■ **Aim of the task**
Please write out only the lines from the line with "- Women's cotton" to the line with "Một cài đặt", inclusive, exactly as they stand below, without the pictures.

■ **Material for this task**
++++
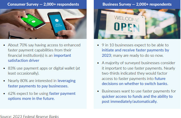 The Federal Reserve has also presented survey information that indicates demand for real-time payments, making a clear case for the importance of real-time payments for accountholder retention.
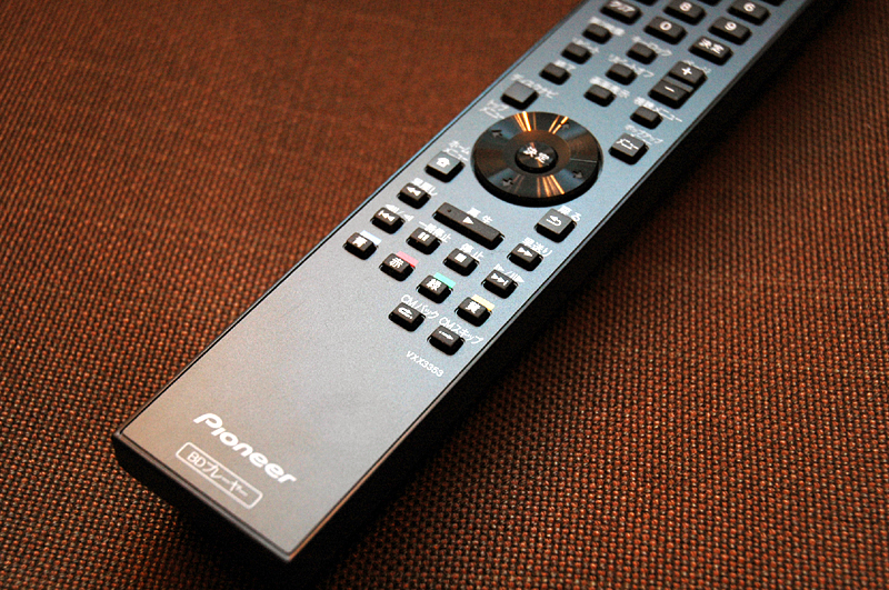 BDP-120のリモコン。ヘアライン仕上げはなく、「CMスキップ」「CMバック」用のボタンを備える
++++
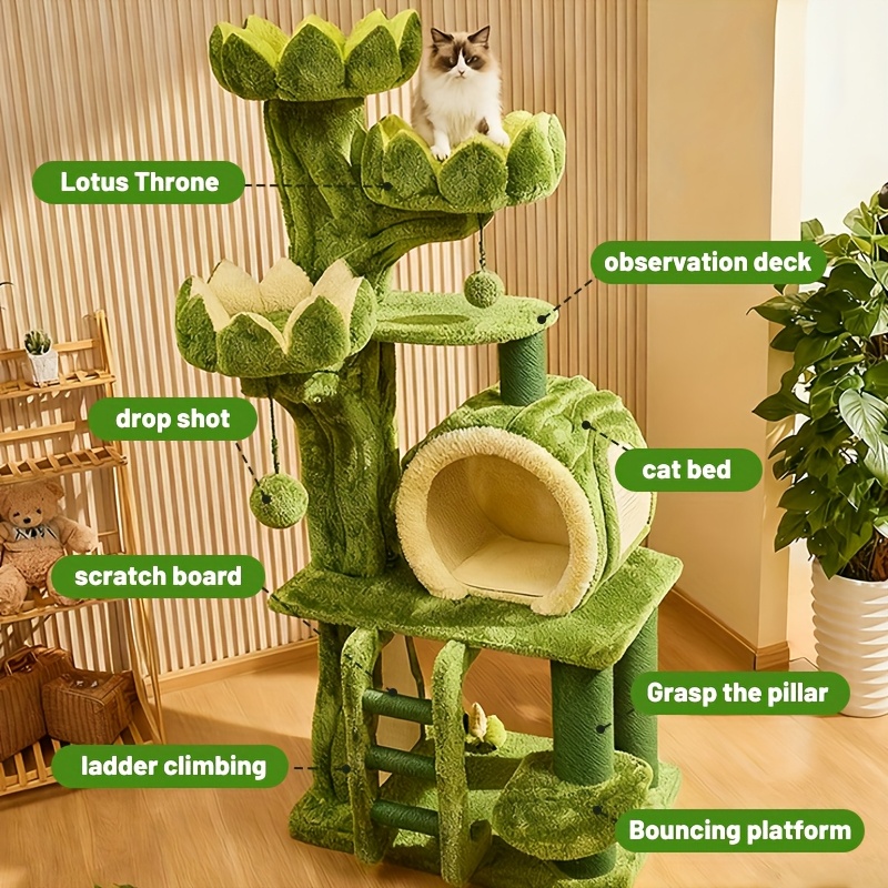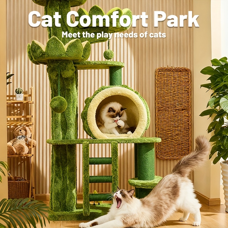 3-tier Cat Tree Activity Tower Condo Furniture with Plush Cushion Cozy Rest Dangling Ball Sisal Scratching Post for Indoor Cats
++++
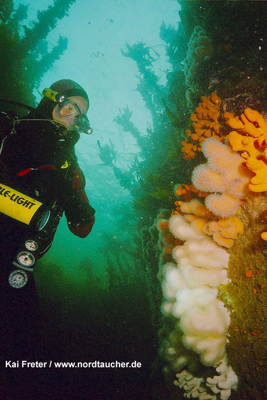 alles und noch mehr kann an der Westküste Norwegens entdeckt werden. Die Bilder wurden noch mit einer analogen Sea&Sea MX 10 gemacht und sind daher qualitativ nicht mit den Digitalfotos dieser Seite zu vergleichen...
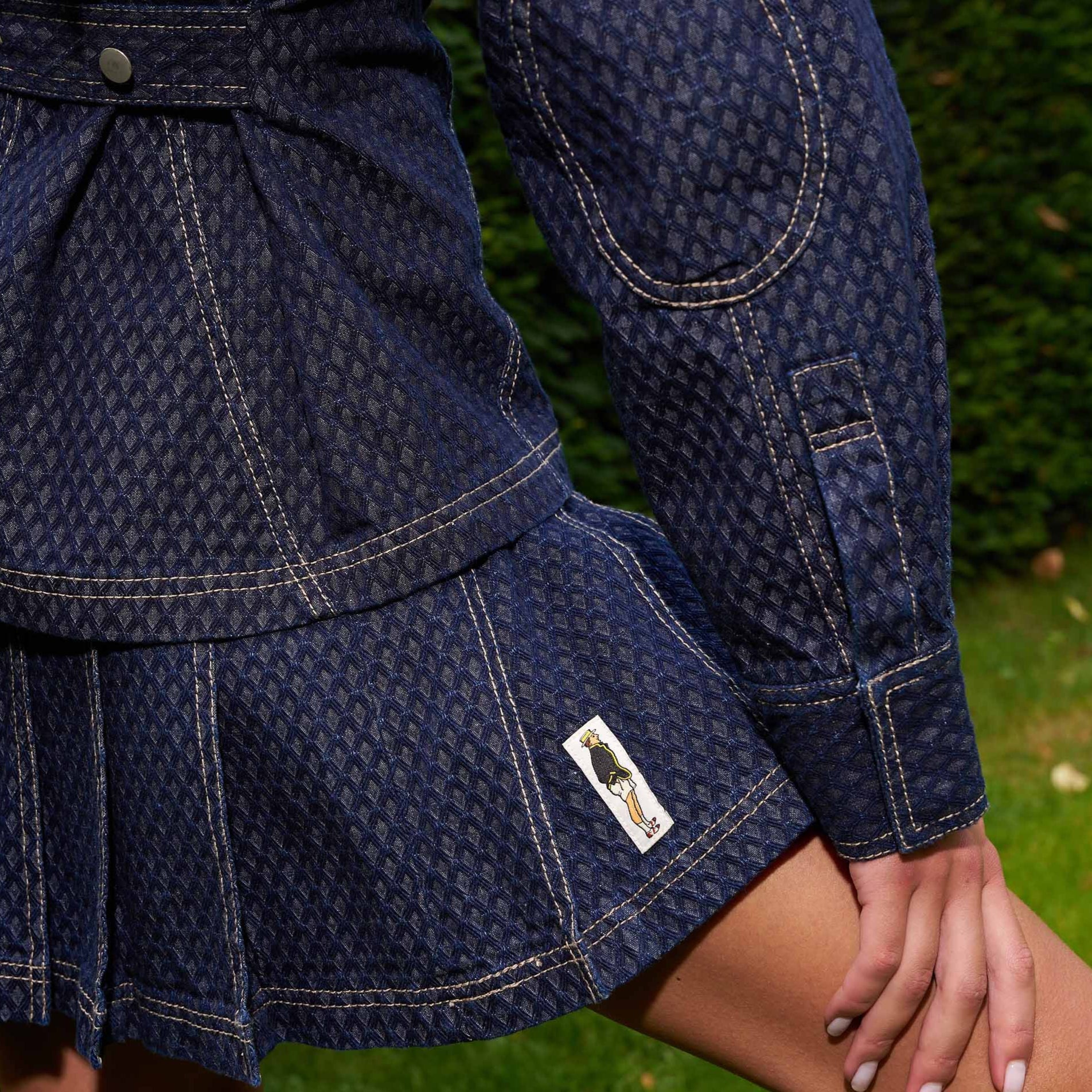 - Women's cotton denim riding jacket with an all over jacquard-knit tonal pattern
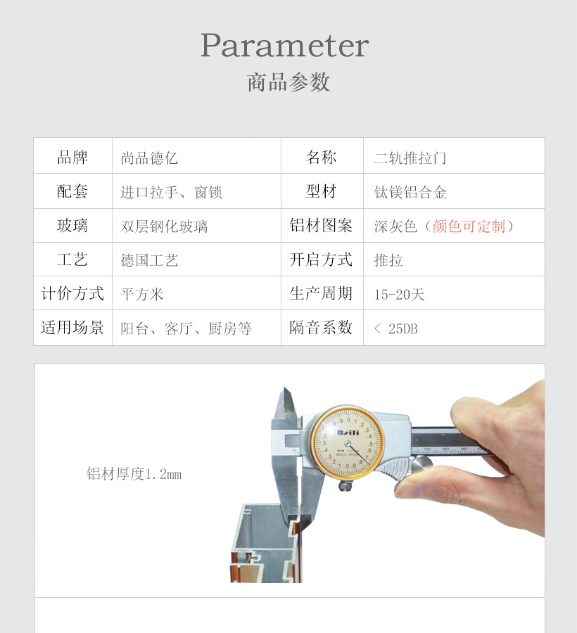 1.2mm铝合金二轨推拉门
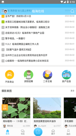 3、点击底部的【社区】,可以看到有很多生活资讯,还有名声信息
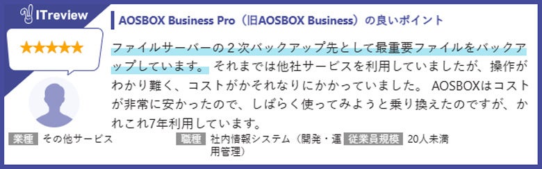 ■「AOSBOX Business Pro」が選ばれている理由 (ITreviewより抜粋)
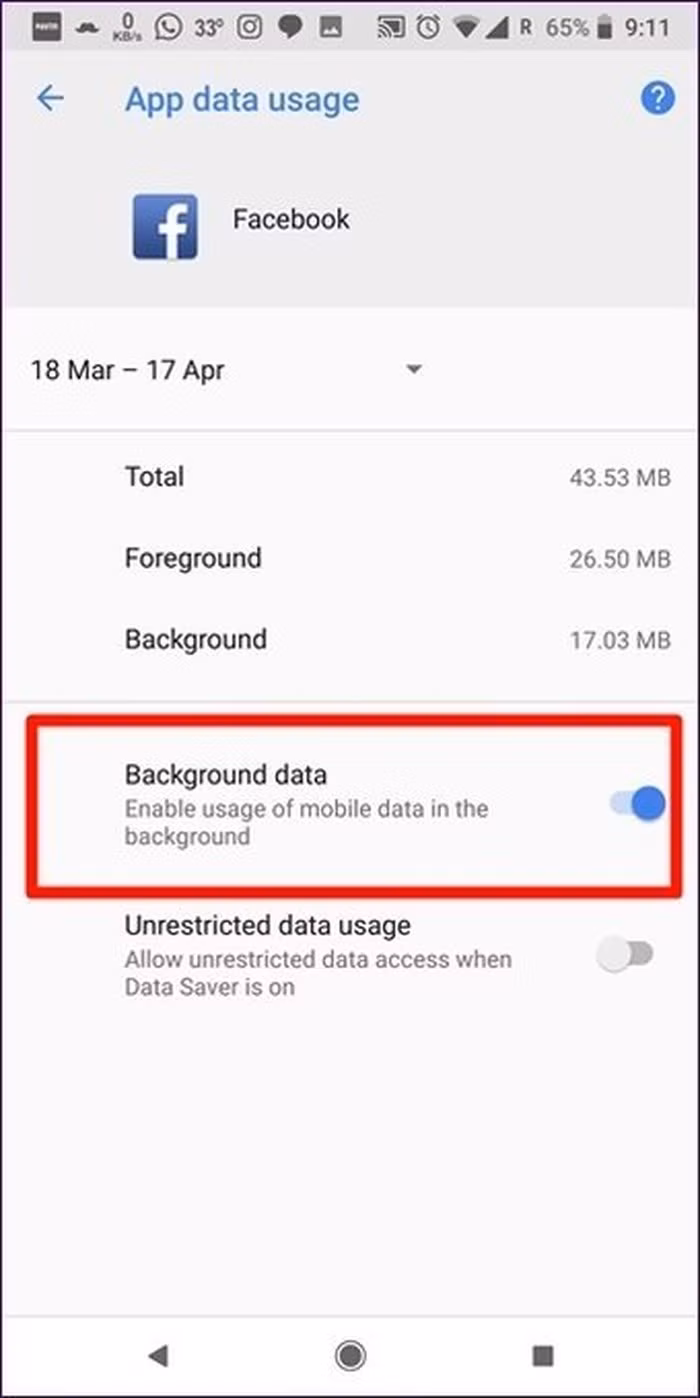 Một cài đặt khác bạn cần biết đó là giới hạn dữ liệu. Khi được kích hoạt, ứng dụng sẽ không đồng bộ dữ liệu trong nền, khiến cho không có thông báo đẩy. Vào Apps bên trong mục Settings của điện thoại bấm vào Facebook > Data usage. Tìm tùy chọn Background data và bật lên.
++++
■ **Expected answer**
 - Women's cotton denim riding jacket with an all over jacquard-knit tonal pattern
 1.2mm铝合金二轨推拉门
 3、点击底部的【社区】,可以看到有很多生活资讯,还有名声信息
 ■「AOSBOX Business Pro」が選ばれている理由 (ITreviewより抜粋)
 Một cài đặt khác bạn cần biết đó là giới hạn dữ liệu. Khi được kích hoạt, ứng dụng sẽ không đồng bộ dữ liệu trong nền, khiến cho không có thông báo đẩy. Vào Apps bên trong mục Settings của điện thoại bấm vào Facebook > Data usage. Tìm tùy chọn Background data và bật lên.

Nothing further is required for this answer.